UNASSIGNED: This study assessed the safety profile of lasmiditan based on real-world data of FDA Adverse Event Reporting System (FAERS) database. Four disproportionality analysis methods were applied to mining the significant signals. The differences in adverse event signals among different subgroups were investigated concerning race, sex, age, weight, dose, and concomitant drug.
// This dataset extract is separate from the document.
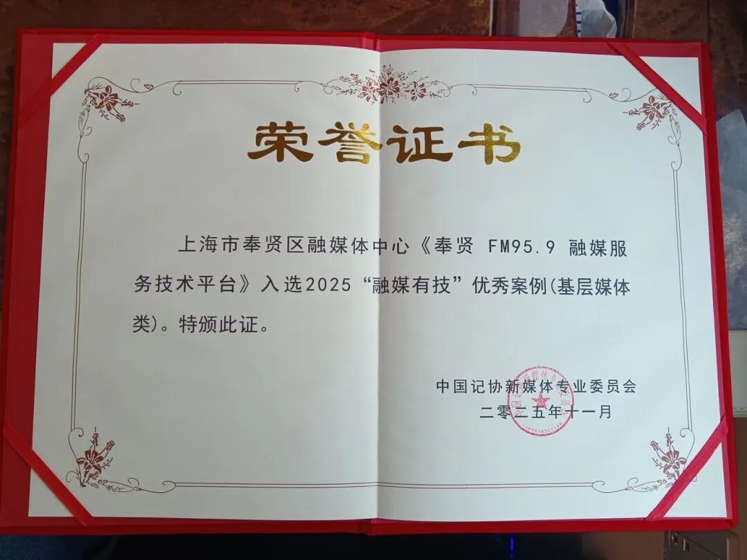 在技术重塑传播生态的 时代浪潮中 奉贤区融媒体中心 以创新之姿,破浪前行 在11月11日~13日召开的 2025中国新媒体大会上 奉贤区融媒体中心 “奉贤FM95.9融媒服务技术平台”成功入选 2025“融媒有技”优秀案例! 在技术重塑传播生态的关键阶段,中记协新媒体专委会延续“融媒有技”系列活动积淀的技术特色与精品导向,发起2025“融媒有技”优秀案例征集,以响应主流媒体系统性变革需求。 据介绍,自活动启动以来,共收到来自中央主要新闻单位、各地记协、相关科研机构、商业传播平台及技术公司申报的案例136件,经过多轮严格审查,最终遴选出30个优秀案例。 作为今年增设的“基层媒体特别推荐”类的10个优秀案例之一,奉贤区融媒体中心自媒体融合以来,积极探索,始终牢记技术创新赋能主流媒体系统性变革,从现实需求出发,实现了从“单一发声”到“立体传播”的华丽蜕变,在全国众多参赛案例中崭露头角,获得专家评审的一致认可。 “小切口、大作为” 以简洁高效的技术架构 让智能体覆盖媒体业务全流程 为基层媒体融合发展 探索出了一条可复制、可推广的 创新之路 这是一次技术的革新 更是一次传播的革命 奉贤区融媒体中心 正以铿锵之步 在新时代的传播格局中 讲好奉贤故事 传递奉贤声音 展现奉贤风采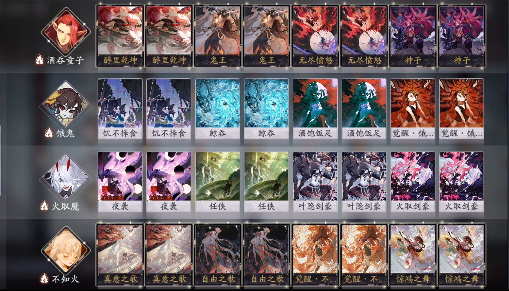 卡组构成分为一主c火取魔一副c酒吞两辅助不知火和恶鬼,核心卡为火取魔的ssr卡火取剑豪。

UNASSIGNED: A total of 820 reports and 1,661 adverse events with lasmiditan as the primary suspected drug were identified. Two new adverse event signals related to nervous system disorders emerged. Females and males were more likely to develop paresthesia and dizziness, respectively. Most common adverse events were more likely to occur in the elderly patients and at high doses.
UNASSIGNED: It is essential to be vigilant about the relation of potential nervous system disorders with lasmiditan. The importance of heightened clinical vigilance regarding paresthesia in females and dizziness in males was underscored. Additionally, it is advised to administer a lower initial dose for elderly patients.
■本研究根据FDA不良事件报告系统(FAERS)数据库的实际数据评估了lasmiditan的安全性。四种不成比例分析方法被应用于挖掘显著信号。研究了不同亚组之间不良事件信号的差异,涉及种族,性别,年龄,体重,剂量,和伴随的药物。
■共发现820例报告和1,661例不良事件,以lasmiditan为主要可疑药物。出现了两个与神经系统疾病有关的新的不良事件信号。女性和男性更容易出现感觉异常和头晕,分别。大多数常见的不良事件更可能发生在老年患者和高剂量患者中。
■必须警惕潜在的神经系统疾病与lasmiditan的关系。强调了提高对女性感觉异常和男性头晕的临床警惕的重要性。此外,建议老年患者使用较低的初始剂量。